Dinlemek isterseniz podcasti şuracığa koyuyorum ama mutlaka birdolapkitap.com'u da ziyaret edin ;)

Çarşamba, Şubat 04, 2015


Blogu ne kadar boşladığıma dair geyik ve beylik laflar etmiicim sevgili köfteryanlar, siz beni biliyosunuz, ben sizi biliyorum, kısaca hepimiz malımızı biliyoruz, nütfen birbirimizi kandırmayalım ;P
Emoticon koyasım geldi cümlenin sonuna, tam hipster ergen oldum, nolcak bu işler böyle?!!
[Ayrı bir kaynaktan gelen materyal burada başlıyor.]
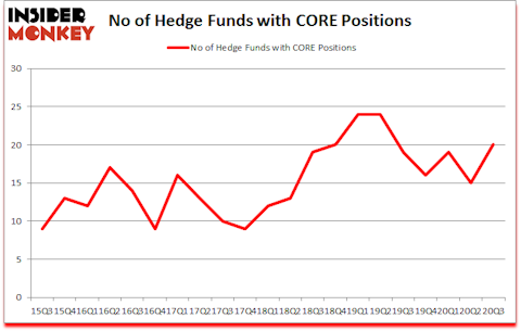 At the end of September, a total of 20 of the hedge funds tracked by Insider Monkey were long this stock, a change of 33% from one quarter earlier. The graph below displays the number of hedge funds with bullish position in CORE over the last 21 quarters. With hedgies’ positions undergoing their usual ebb and flow, there exists a select group of notable hedge fund managers who were adding to their holdings considerably (or already accumulated large positions).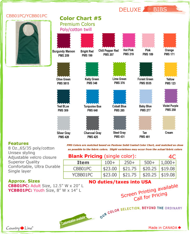 NO DUTIES/TAXES, Brokerage or Handling fees into USA Features 8 oz. 65/35 poly/cotton twill/poplin With adjustable neck closure Unisex styling, comfortable fit Ultra durable Superior Quality Customization (available at additional cost) Alter the length or width Sizing One size fits most 12.5" W x 20" H Also available in YOUTH sizes Colors Choose from 30+ colors (standard & premium) For an UPDATED color chart, click here Decoration charges additional: Embroidery: For UPDATED embroidery costs/details, click here Screen Printing: For UPDATED imprint costs/details, click here FREE PMS Color Matching of Logos Pricing for Blank product: : 4C For Virtual Catalog Page click on Mini Icon under the image Browse at Bottom of Page for Pinnies, Bandanas, Sports Towels and other Sports related items!!!

Neyse, konu: "Bi Robbie Williams vardı noldu yeaa?" diyenlerin ağzına kürekle vurduk mu? Heh tamam, o zaman kızı için yazdığı über tatlı şarkıyı dinleyip çok janti bir şekilde yaşlanan (pardon "yaş alan") her daim evimizin yaramaz çocuu Robbie'yi yukarki klipten izleyebilirsiniz. Özellikle kızına verdiği öğütler (diskolu kısım :P) ve "If they try and hurt you, just let your daddy know." deyişine bayıldım ^.^ (bak yine emoji!!!)
Neyse işte , bu da böyle bi entrimdir. Onca zaman sonra başka şeyler yazacaktım ama unuttum yine. Neyse. Go gentle okur. O kadar da şey yapma yani.